TASK DESCRIPTION » The copy should begin at the line containing "- Nồi áp suất" and end with the last line below, every line exact and no picture included.

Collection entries
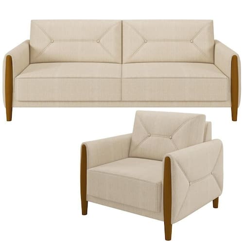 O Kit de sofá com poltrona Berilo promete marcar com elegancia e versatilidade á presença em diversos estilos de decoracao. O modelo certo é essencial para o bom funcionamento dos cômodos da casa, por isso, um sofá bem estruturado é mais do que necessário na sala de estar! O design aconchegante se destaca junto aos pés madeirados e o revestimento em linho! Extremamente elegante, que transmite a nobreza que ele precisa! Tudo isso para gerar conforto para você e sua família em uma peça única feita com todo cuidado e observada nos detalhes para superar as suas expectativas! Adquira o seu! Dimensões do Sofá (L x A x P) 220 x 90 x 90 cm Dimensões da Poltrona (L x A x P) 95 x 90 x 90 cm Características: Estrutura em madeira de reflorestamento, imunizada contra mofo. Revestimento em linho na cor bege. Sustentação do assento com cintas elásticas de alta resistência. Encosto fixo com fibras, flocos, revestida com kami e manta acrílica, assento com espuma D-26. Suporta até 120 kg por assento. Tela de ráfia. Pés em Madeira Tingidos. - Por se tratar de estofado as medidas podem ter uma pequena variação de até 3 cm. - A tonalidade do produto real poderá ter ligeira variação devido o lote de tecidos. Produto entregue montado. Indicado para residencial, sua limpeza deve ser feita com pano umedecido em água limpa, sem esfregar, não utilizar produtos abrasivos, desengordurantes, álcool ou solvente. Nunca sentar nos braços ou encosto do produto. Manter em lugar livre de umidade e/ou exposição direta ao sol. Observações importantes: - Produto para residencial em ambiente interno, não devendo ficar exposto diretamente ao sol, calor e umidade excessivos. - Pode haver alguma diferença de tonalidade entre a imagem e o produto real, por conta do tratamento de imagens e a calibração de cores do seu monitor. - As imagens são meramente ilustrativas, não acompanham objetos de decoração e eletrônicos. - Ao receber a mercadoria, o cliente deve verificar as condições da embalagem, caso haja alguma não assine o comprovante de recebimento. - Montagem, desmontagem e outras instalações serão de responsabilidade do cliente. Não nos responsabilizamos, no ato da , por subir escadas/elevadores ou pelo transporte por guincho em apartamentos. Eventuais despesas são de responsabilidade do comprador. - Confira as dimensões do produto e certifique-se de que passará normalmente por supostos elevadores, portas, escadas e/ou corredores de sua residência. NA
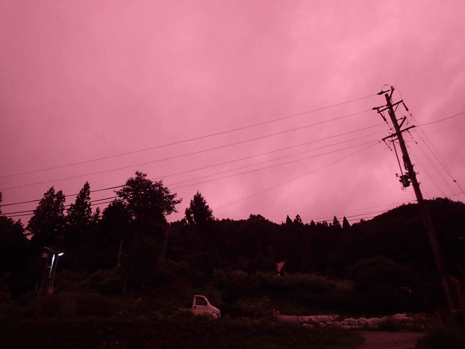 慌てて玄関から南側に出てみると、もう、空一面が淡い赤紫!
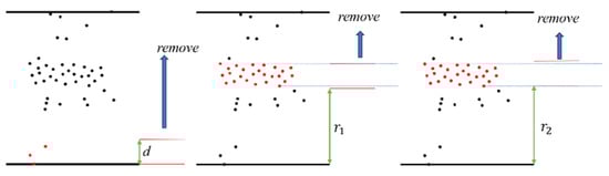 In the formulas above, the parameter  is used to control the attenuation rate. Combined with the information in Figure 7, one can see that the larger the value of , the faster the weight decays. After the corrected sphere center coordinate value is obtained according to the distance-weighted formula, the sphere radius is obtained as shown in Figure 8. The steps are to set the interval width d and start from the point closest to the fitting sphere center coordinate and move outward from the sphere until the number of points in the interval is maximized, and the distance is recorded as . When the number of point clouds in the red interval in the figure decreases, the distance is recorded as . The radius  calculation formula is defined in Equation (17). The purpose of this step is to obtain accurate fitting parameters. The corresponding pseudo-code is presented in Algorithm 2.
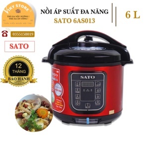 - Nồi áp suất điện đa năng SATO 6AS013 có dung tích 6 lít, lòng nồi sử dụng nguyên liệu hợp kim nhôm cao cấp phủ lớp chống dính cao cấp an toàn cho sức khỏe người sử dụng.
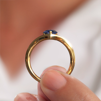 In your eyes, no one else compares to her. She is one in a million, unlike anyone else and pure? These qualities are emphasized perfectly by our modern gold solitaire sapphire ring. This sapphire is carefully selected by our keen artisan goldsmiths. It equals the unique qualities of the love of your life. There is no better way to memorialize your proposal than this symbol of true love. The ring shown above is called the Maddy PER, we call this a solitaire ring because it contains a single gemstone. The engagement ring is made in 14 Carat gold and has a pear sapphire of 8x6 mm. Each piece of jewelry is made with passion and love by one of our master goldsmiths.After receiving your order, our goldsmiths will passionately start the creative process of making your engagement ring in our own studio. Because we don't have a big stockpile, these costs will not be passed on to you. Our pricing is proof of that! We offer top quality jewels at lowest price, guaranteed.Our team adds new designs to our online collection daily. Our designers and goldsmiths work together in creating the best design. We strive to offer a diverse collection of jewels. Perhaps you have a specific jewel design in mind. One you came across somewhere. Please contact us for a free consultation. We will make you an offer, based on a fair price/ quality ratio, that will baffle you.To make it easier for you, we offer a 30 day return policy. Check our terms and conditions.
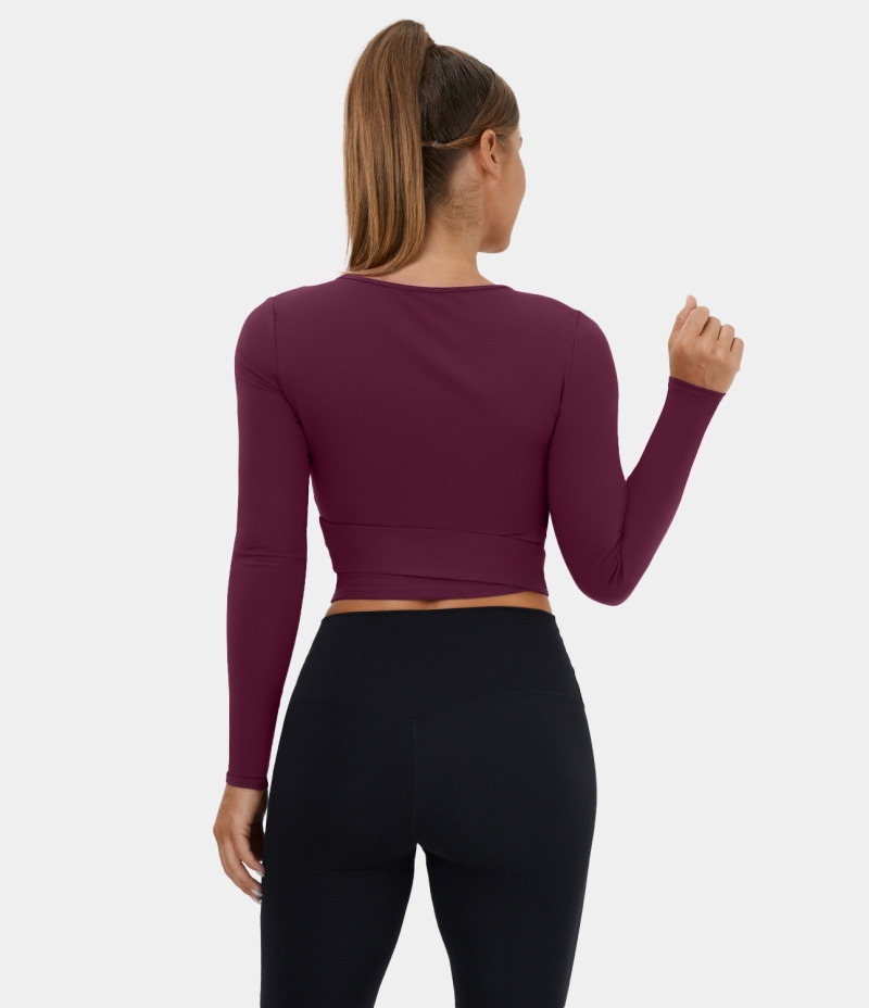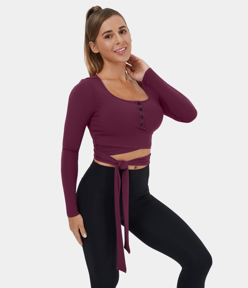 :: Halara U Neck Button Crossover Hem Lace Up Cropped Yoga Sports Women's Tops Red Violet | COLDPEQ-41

COMPLETED EXERCISE »
 - Nồi áp suất điện đa năng SATO 6AS013 có dung tích 6 lít, lòng nồi sử dụng nguyên liệu hợp kim nhôm cao cấp phủ lớp chống dính cao cấp an toàn cho sức khỏe người sử dụng.
 In your eyes, no one else compares to her. She is one in a million, unlike anyone else and pure? These qualities are emphasized perfectly by our modern gold solitaire sapphire ring. This sapphire is carefully selected by our keen artisan goldsmiths. It equals the unique qualities of the love of your life. There is no better way to memorialize your proposal than this symbol of true love. The ring shown above is called the Maddy PER, we call this a solitaire ring because it contains a single gemstone. The engagement ring is made in 14 Carat gold and has a pear sapphire of 8x6 mm. Each piece of jewelry is made with passion and love by one of our master goldsmiths.After receiving your order, our goldsmiths will passionately start the creative process of making your engagement ring in our own studio. Because we don't have a big stockpile, these costs will not be passed on to you. Our pricing is proof of that! We offer top quality jewels at lowest price, guaranteed.Our team adds new designs to our online collection daily. Our designers and goldsmiths work together in creating the best design. We strive to offer a diverse collection of jewels. Perhaps you have a specific jewel design in mind. One you came across somewhere. Please contact us for a free consultation. We will make you an offer, based on a fair price/ quality ratio, that will baffle you.To make it easier for you, we offer a 30 day return policy. Check our terms and conditions.
 :: Halara U Neck Button Crossover Hem Lace Up Cropped Yoga Sports Women's Tops Red Violet | COLDPEQ-41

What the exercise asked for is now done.